9月8日、家に帰ってきたらいつも「おかえり」と言う親父の返事がなかった。一瞬びっくりしたが、いつもの介護ヘルパーのAさんが親父の体をさすりながら熱を測ってくれていました。体温は37度。最近あきらかに食欲も落ちているので、念のため訪問看護ステーションに連絡しました。一瞬、様子を見にきてほしいと考えましたが、翌日の午前中にやまと診療所の往診を控えていることもあったので、「まあ許容範囲、大丈夫ですよね」と話をして電話を切りました。

それから、Aさんと相談して、最近気になっていたユニクロの新商品の前あきTシャツを3枚ネットから注文しました。

22時ごろ、まだ部屋の明かりがついていたので声をかけました。(いつものように手元にあるけど)明かりを消すリモコンがないと言うから、直接渡して自分で消してもらいました。部屋を出るとき後ろから「おやすみ」と声がかかってきて、(2階にある自分の部屋への)階段をのぼりながら、小さな声で「おやすみ」と返しました。今となってはこれが最後の会話。どうせなら大きな声で「おやすみ」と言えばよかった。

9月9日の朝方(おそらく5時頃)、一階から「ガタン」という音が聞こえました。まあ最近よくリモコンやらコップやらを落としていたので、気にせずまた眠りました。

7時過ぎ、一階におりて、洗面所でいつものように顔を洗いひげを剃り、それから親父の部屋をチラッとのぞきました。いつもなら電気をつけている時間ですが、まだ暗い、、、。まあ最近寝てる時間が増えていたので、まだ寝てるだろうと思い、いつものように近くのコンビニに出ました。コーヒーとパンを買って歩きながら、まさかな、、という気持ちがありました。家に戻り手を洗い、もう少し部屋の扉をあけて親父を見てみました。いつもは身体全体を使った大きな呼吸で動きがあるのに、まったく動いていませんでした。
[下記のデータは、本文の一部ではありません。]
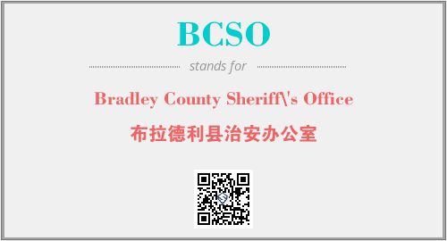 上述内容是“Bradley County Sheriff\'s Office”作为“BCSO”的缩写,解释为“布拉德利县治安办公室”时的信息,以及英文缩略词BCSO所代表的英文单词,其对应的中文拼音、详细解释以及在英文中的流行度和相关分类、应用领域及应用示例等。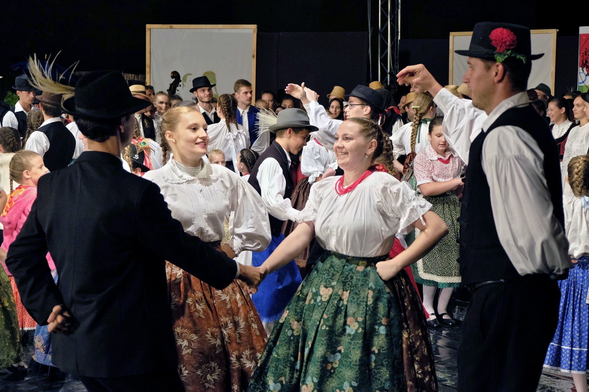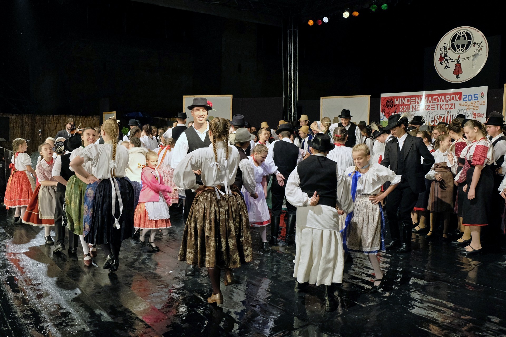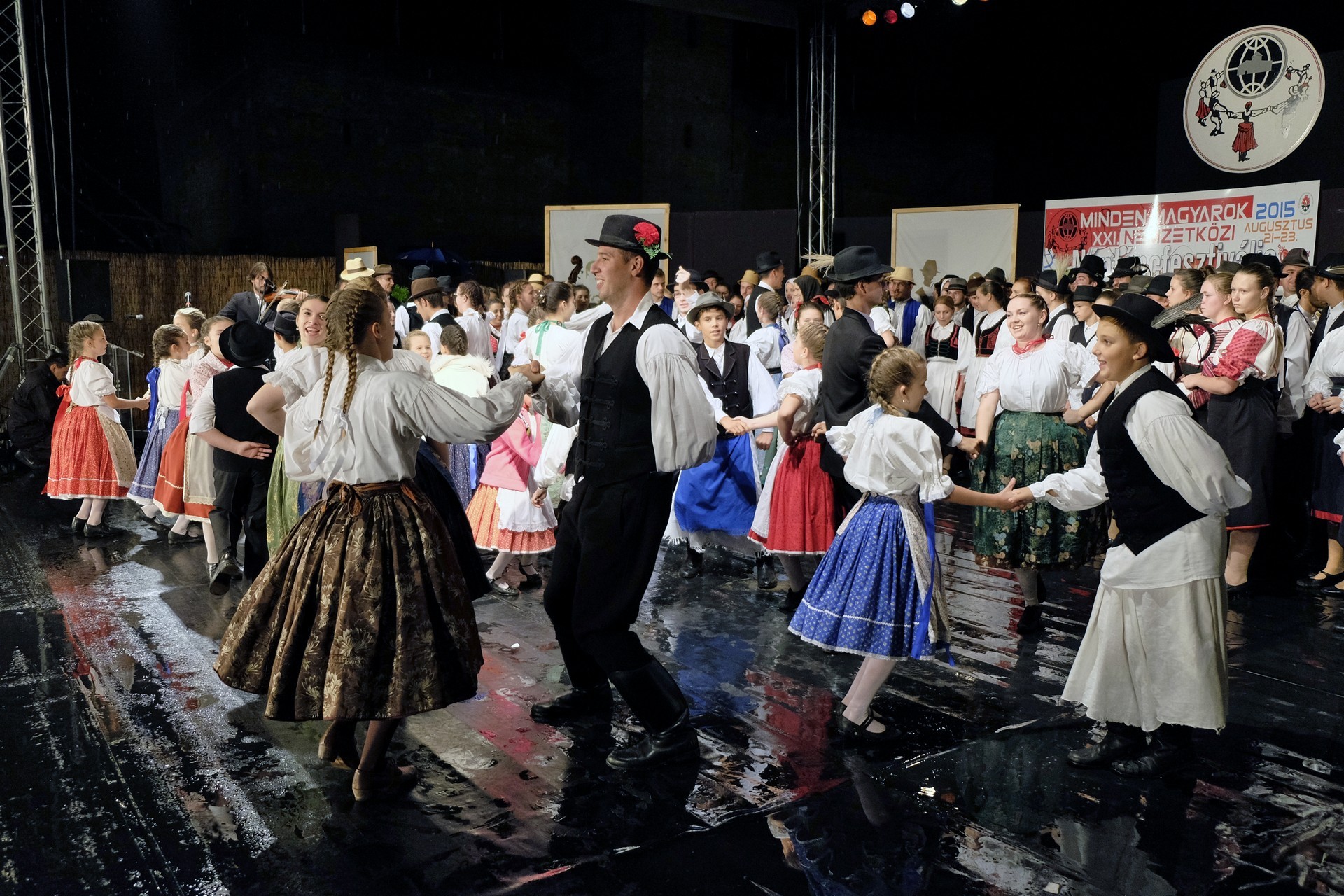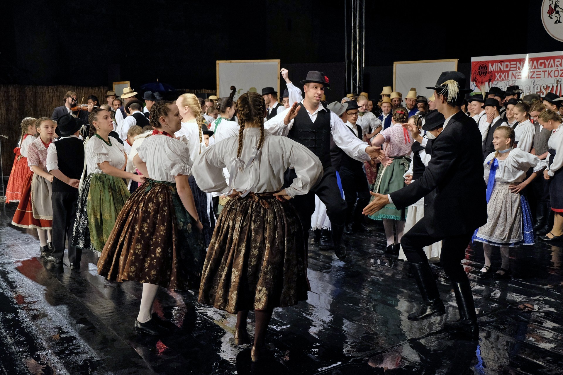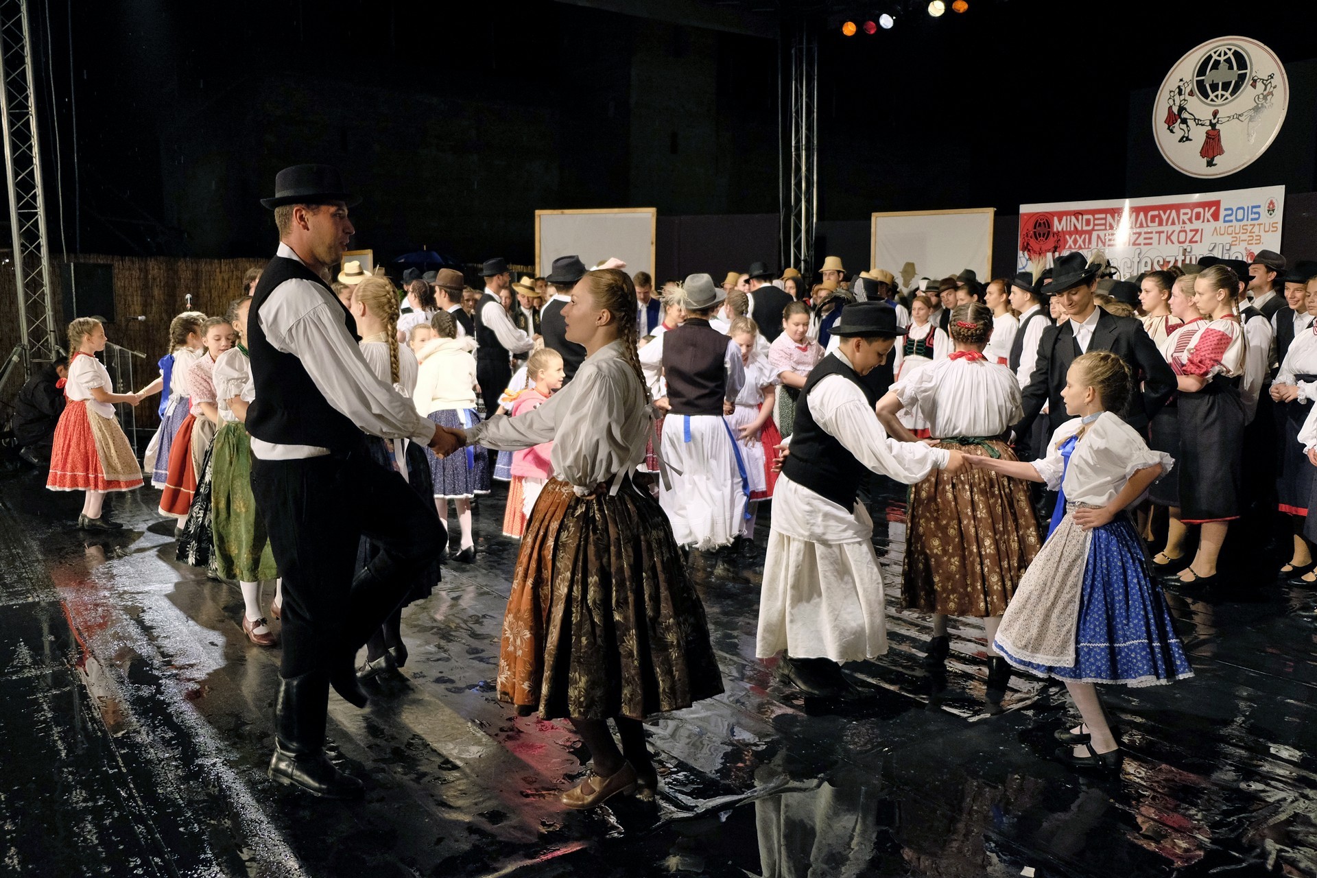 Táncház a részt vevő magyar táncegyüttesek közreműködésével. Helyszín: várkert

私は先ず落ち着こうと、自分の部屋に戻りました。パソコンでいつもの朝のメールを読みながら、パンを食べてコーヒーを飲みました。そうこうしているとヘルパーさんが来てくれたので、すぐに玄関に行きました。そこには信頼している介護ヘルパーHさんがいて、内心ホッとしながら、冷静を装いながら「親父の様子が変なのです、、、」と伝えました。すぐに部屋に入り手首を触って、脈がないですねと言ってくれました。ヘルパーさんは親父の体を真っすぐにして、汚れているものを取り換えて、、、といつものようにテキパキと身体介護をしてくださりながら「診療所に電話しましょう」と。私はハッと我にかえり、やまと診療所に電話しました。主治医のO先生から「すぐ出るので9時過ぎぐらいに着きます」と言ってくださいました。それから、弟に電話して、「親父が呼吸をしていない、いまから診療所の先生に来てもらう」と事実を伝えました。担当のケアマネージャーさんにも電話をして、お昼以降のケアサービスが全て止まりました。

9時過ぎ、O先生が到着しました。日時を確認し、面と向かって死亡宣告を受けました。この瞬間、素直に私は親父の死を受け入れました。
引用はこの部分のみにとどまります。